The irony of the situation is that the day before my accident, I remember telling my husband that Lyla had developed a behavior where she would run off to chase a ball and would later recognize me from across the park. She’d get so excited and come running full speed to get to me and would swerve at the very last moment. “I literally thought she was going slam into me so many times. It was scary!” I told my husband. “She does that but she swerves at the last minute,” he told me. “As long as you don’t move, you’re fine.” I learned the hard way, however, that all it took was a clumsy pup to be running alongside her to throw her plan of not colliding with me completely out of whack.

The crazy thing is, until the incident, it never really dawned on me that getting injured at the dog park was something that could happen. Any time I took Rocky and Lyla there to play, I always kept an eye out for anything that could endanger them. Sure I’d walk around and send some texts but I was careful to always glance up and watch to make sure they didn’t encounter an aggressive dog. If they did, I would immediately steer them away to play in a different area. I made a point of throwing a toy for them to fetch far away from other pups that might have ball aggression. I kept them away from stagnant puddles of water; hillsides filled with rattlesnakes, and gopher holes that they could have possibly twisted their ankles in. But it never even remotely dawned on me that keeping myself safe was something that I should have been focusing on as well.

I’m writing this essay on week one of starting physical therapy post the accident. I’ve had a tremendous amount of time to sit on my couch, binge watch embarrassing reality shows, and reflect upon how this situation could have been avoided. In my case, it really couldn’t have been. I wasn’t texting during the incident. I was fully present and was keeping an eye on my dogs. In fact, I had briefly lost sight of Rocky and was on my way to head over to stand by where he was sniffing when I got nailed by McCovey out of nowhere. It was, by every definition of the word, an accident.
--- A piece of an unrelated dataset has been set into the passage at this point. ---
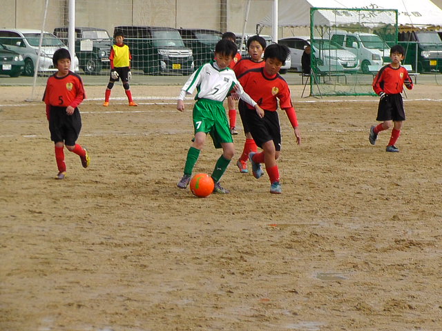 | コメント | 西風が強く吹く厳しいコンディションの中, いよいよあなぶき杯が始まりました。 今大会はわれらU-10にとって,1学年上のU-11と,さらに県外の強豪チームとの対戦という大会で, これまでのリーグ戦で培ってきた力や,決してあきらめない強い心が試される大会となりました。 試合は初戦からスピード,テクニックで上回る強敵との厳しい戦いが続き,苦しい試合になりましたが, それでもみんな必死にボールを追い,相手に食らいついていきました。 ただ,1対1で競り負けるとどうしてもボールばかりを追かけてしまい,マークが甘くなり, ゴール前に入れられたボールに合わされ失点という苦しい展開が続きました。 それでも,試合終了までみんなあきらめず走り,最後のだいち戦では見事なセンタリングからのシュートが決まるなど, 明日につながる場面もたくさんありました。3連敗で終わった予選リーグですが ,明日は3・4位グループでの戦い。きっと今日の頑張りが生かされると思います。 まずは1勝、そしてさらに2勝・3勝めざして頑張りましょう。 本当に寒く体の芯まで凍えるような1日でしたが, コーチ・保護者の皆様早朝からの準備・運営・応援ありがとうございました。 | |||

But the event did get me thinking about all the times when I was checking emails, chitchatting with fellow dog owners, or taking a phone call instead of paying attention to my surroundings while at the park. “I’m never going to the dog park again!” I told my husband twelve days into my injury, when the MRI finally confirmed my diagnosis. I meant it then, of course, but have since changed my tune. I will return to the dog park but rest assured, I have pledged to not allow myself to be distracted while I am there. I’ll probably hang out in a corner with my dogs or will sit on a park bench and take in some rays. And while I’ll always continue to keep an eye out on Rocky and Lyla’s safety, I will make sure that keeping myself out of harm’s way is an equal priority.

Let this be a PSA to anyone who reads this: Injuries at dog parks can and do happen. I am living proof of this. Dogs are unpredictable, especially when they are not your own. Keep an eye out for your surroundings, don’t get buried in your smartphone, and keep yourself safe.

Nicole Pajer is a freelance writer who lives in Los Angeles with her husband, energetic Doberman, and rat terrier.